Suppose we create a LASSO regression with the glmnet package:
library(glmnet)
## Loading required package: Matrix
## Loaded glmnet 1.9-8
set.seed(03-19-2015)
# generate data with 5 real variables and 45 null, on 100 observations
x <- matrix(rnorm(100 * 50), 100)
beta <- c(rnorm(5, 0, 1), rep(0, 50 - 5))
y <- c(t(beta) %*% t(x)) + rnorm(50, sd = 3)
glmnet_fit <- cv.glmnet(x,y)
We can tidy it with broom:
library(broom)
tidied_cv <- tidy(glmnet_fit)
glance_cv <- glance(glmnet_fit)
head(tidied_cv)
## lambda estimate std.error conf.high conf.low nzero
## 1 2.718217 18.21227 3.333500 21.54577 14.87877 0
## 2 2.476738 17.60870 3.359841 20.96855 14.24886 1
## 3 2.256711 16.60334 3.166359 19.76970 13.43698 1
## 4 2.056231 15.65954 2.946495 18.60604 12.71305 1
## 5 1.873561 14.87385 2.761843 17.63569 12.11201 1
## 6 1.707119 14.21962 2.607086 16.82670 11.61253 1
head(glance_cv)
## lambda.min lambda.1se
## 1 0.3853002 1.41728
Why is this useful?

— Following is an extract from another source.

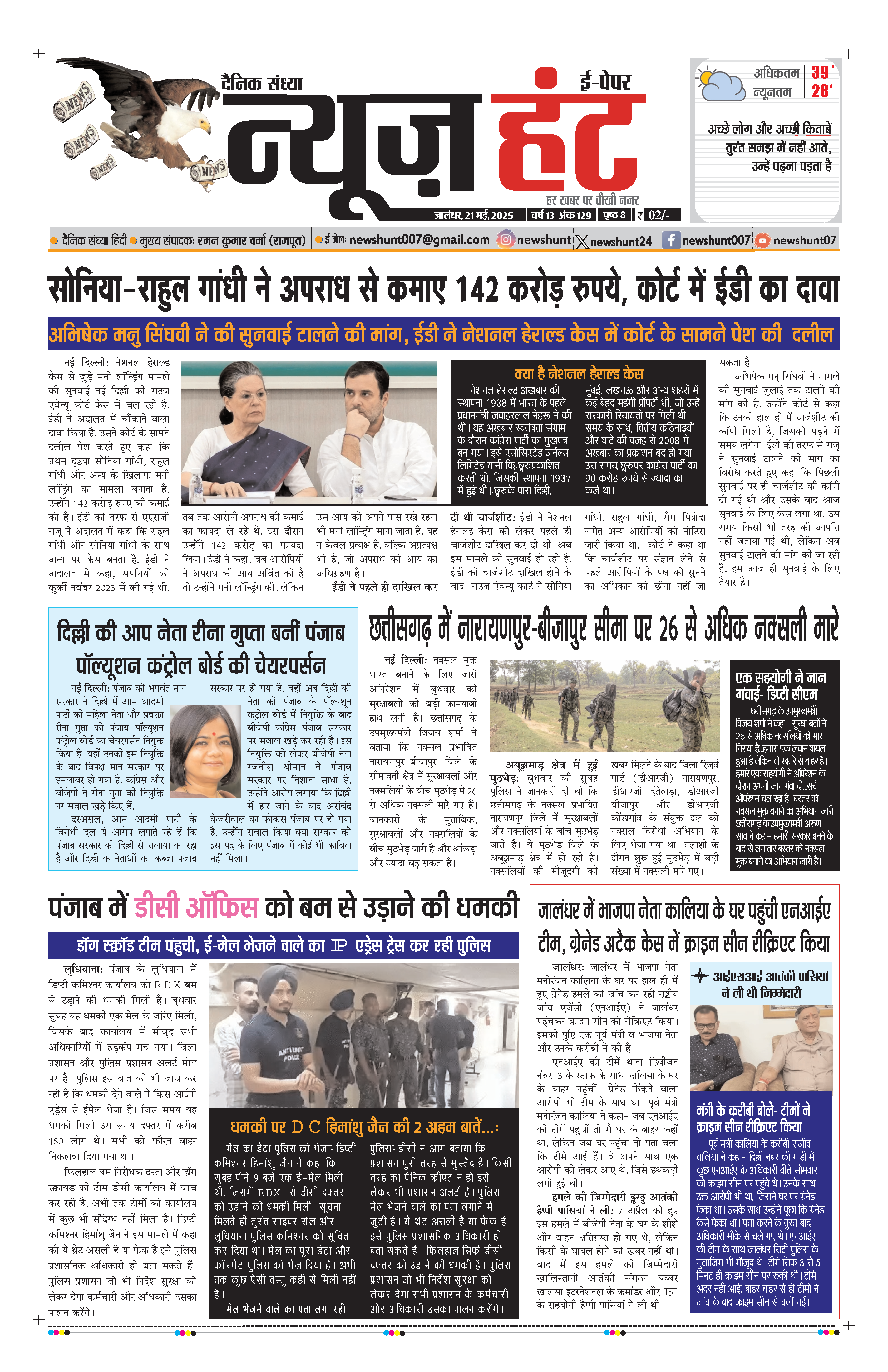 HomeE-Paper E-Paper News Hunt Daily Evening E-Paper 21-05-2025 Page 1 By newshunt May 21, 2025 0 31 FacebookTwitterPinterestWhatsAppTelegramCopy URL Tags#breakingnews#epaperlatest newslatestnewspunjablatestnews Share FacebookTwitterPinterestWhatsAppTelegramCopy URL Previous articleNews Hunt Daily Evening E-Paper 21-05-2025 Page 2Next articleNews Hunt Daily Evening E-Paper 22-05-2025 Page 8 newshunthttp://newshunt.info Related Articles E-Paper News Hunt Daily Evening E-paper 13-12-2025 Page 1 E-Paper News Hunt Daily Evening E-paper 13-12-2025 Page 2 E-Paper News Hunt Daily Evening E-paper 13-12-2025 Page 3 LEAVE A REPLY Cancel reply Comment: Please enter your comment! Name:* Please enter your name here Email:* You have entered an incorrect email address! Please enter your email address here Website: Save my name, email, and website in this browser for the next time I comment. Stay Connected0FansLike3,912FollowersFollow22,800SubscribersSubscribe - Advertisement - Latest Articles E-Paper News Hunt Daily Evening E-paper 13-12-2025 Page 1 E-Paper News Hunt Daily Evening E-paper 13-12-2025 Page 2 E-Paper News Hunt Daily Evening E-paper 13-12-2025 Page 3 E-Paper News Hunt Daily Evening E-paper 13-12-2025 Page 4 E-Paper News Hunt Daily Evening E-paper 13-12-2025 Page 5 Load more

Because we can plot it using ggplot2!
library(ggplot2)
ggplot(tidied_cv, aes(lambda, estimate)) + geom_line(color = "red") +
geom_ribbon(aes(ymin = conf.low, ymax = conf.high), alpha = .2) +
scale_x_log10() +
geom_vline(xintercept = glance_cv$lambda.min) +
geom_vline(xintercept = glance_cv$lambda.1se, lty = 2)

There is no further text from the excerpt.